RabbitMQ quorum queues - have node automatically rejoin

matpen

7/13/23, 4:45 PM

I am exploring RabbitMQ quorum queues to improve HA for some services in a Kubernetes cluster. As I am reading, they are designed with data safety in mind.

However, the chapter "Managing Replicas" states:

Replicas of a quorum queue are explicitly managed by the operator. When a new node is added to the cluster, it will host no quorum queue replicas unless the operator explicitly adds it to a member (replica) list of a quorum queue or a set of quorum queues.
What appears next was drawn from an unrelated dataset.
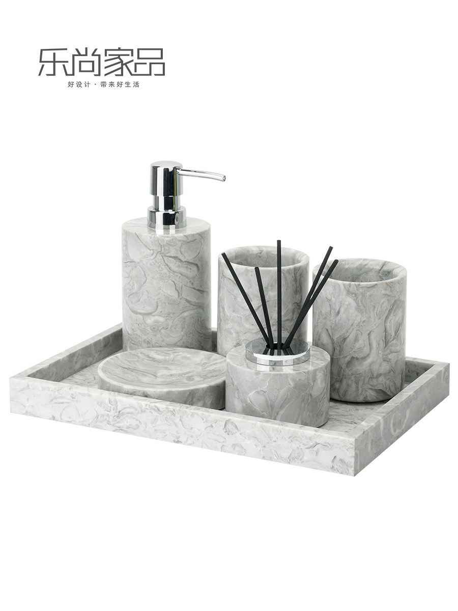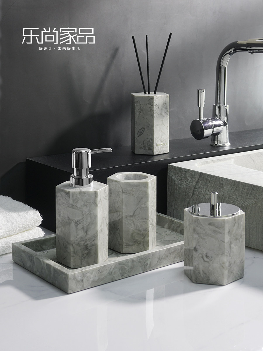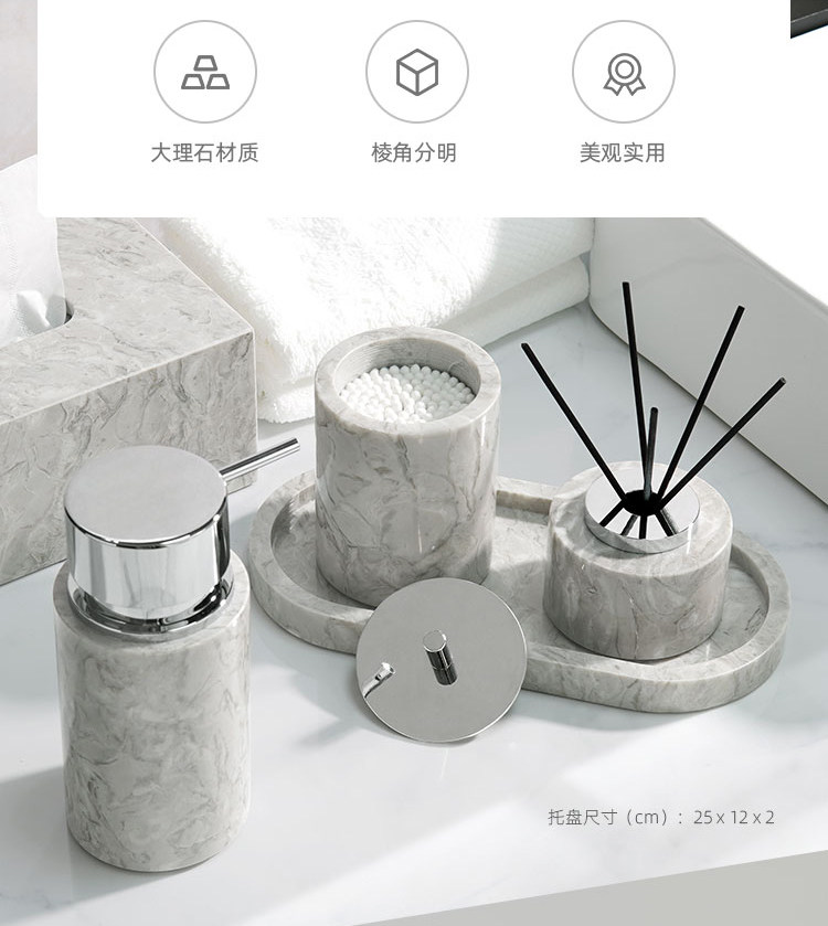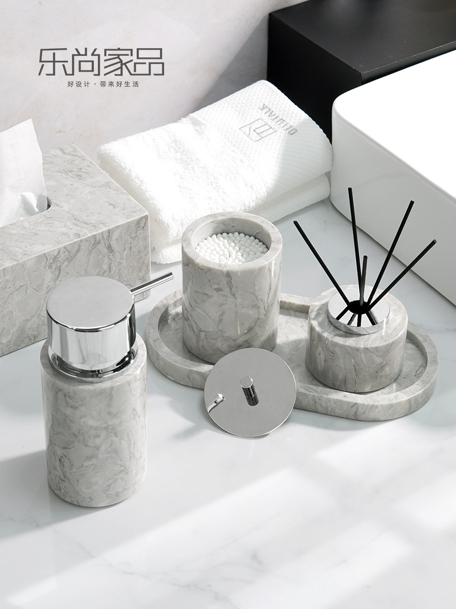 Легкий роскошный серый натуральный мрамор в ванной комнаты для ванной комнаты для стирки набор туалетных подносов ароматерапевтические украшения

It seems therefore that, in case of disruptions (especially involuntary), the following situation could arise (for a 3-nodes cluster):

after a disruption a node would go down: the other two nodes still compose the majority and will "keep the queue alive", possibly electing a new leader;
kubernetes will provide a new node (pod) to replace the failed node; the new node will automatically rejoin the RabbitMQ cluster, but
unless the operator manually intervenes, the new node will not contribute to the existing quorum queues;
for a 3-nodes cluster, this means that there is no HA anymore: if, sometime in the future, one of the other nodes fails, the queue is effectively lost;

Is there any way to mitigate this scenario? Is it, for example, possible to have nodes automatically rejoin all existing quorum queue clusters? Maybe by maintaining a list of "startup commands" (which run after RabbitMQ starts) to which we could add the rejoin commands?

0 + 0

high-availability

rabbitmq

kubernetes

Mikołaj Głodziak

7/14/23, 3:09 PM

Which version of Kubernetes did you use and how did you set up the cluster? Did you use bare metal installation or some cloud provider? It is important to reproduce your problem.

Score:1

Server

Luke Bakken

7/16/23, 3:32 PM

The RabbitMQ team highly recommends the use of the official Kubernetes operator - https://www.rabbitmq.com/kubernetes/operator/operator-overview.html

Aside from that, here's what the local k8s expert has to say:

Kubernetes will not just randomly delete a persistent volume - if the node went down for some reason, it will start with the same name and the same data

As long as the same name and data is used, the "new" node will join just as if it were the old one.

There are probably scenarios that require manual intervention but they aren't as frequent as you'd think.

_{NOTE: the RabbitMQ team monitors the rabbitmq-users mailing list and only sometimes answers questions on StackOverflow.}

0 + 0

Elon Musk

I sit in a Tesla and translated this thread with Ai:

EN: RabbitMQ quorum queues - have node automatically rejoin

TH: คิวโควรัม RabbitMQ - ให้โหนดเข้าร่วมใหม่โดยอัตโนมัติ

RO: Cozi de cvorum RabbitMQ - au nodul să se reunească automat

RU: Очереди кворума RabbitMQ - автоматическое повторное присоединение узла

VI: Hàng đợi đại biểu RabbitMQ - có nút tự động tham gia lại

Post an answer

Most people don’t grasp that asking a lot of questions unlocks learning and improves interpersonal bonding. In Alison’s studies, for example, though people could accurately recall how many questions had been asked in their conversations, they didn’t intuit the link between questions and liking. Across four studies, in which participants were engaged in conversations themselves or read transcripts of others’ conversations, people tended not to realize that question asking would influence—or had influenced—the level of amity between the conversationalists.